Exercise instructions - From the records below, copy each line that has the word "Gambar" in it.
____
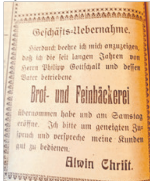
Anzeige aus dem Cronberger Anzeiger vom 29. November im Jahr 1923

Geld leihen, das sukzessive zurückzahlen war. Nach dem Kauf wurde der Betrieb im Jahr 1928 grundlegend umgestaltet. So wurde in der bisherigen Scheune die neue Backstube eingerichtet. Auf einem der Querbalken steht
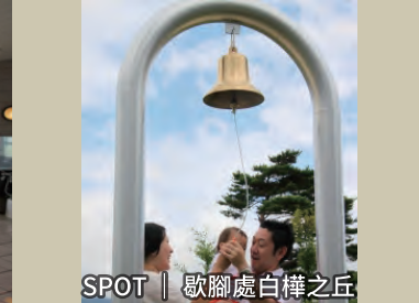
SPOT | 歇腳處白樺之丘
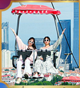
นั่งกระเช้า ชมเมือง
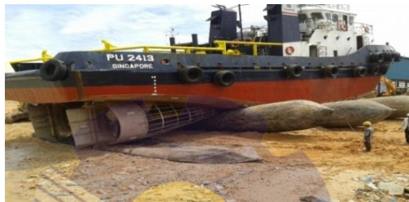
Gambar 1. 1 Slip Way

Adapun gambar Struktur Organisasi bisa dilihat pada Gambar 1. 8
____
Result -
Gambar 1. 1 Slip Way
Adapun gambar Struktur Organisasi bisa dilihat pada Gambar 1. 8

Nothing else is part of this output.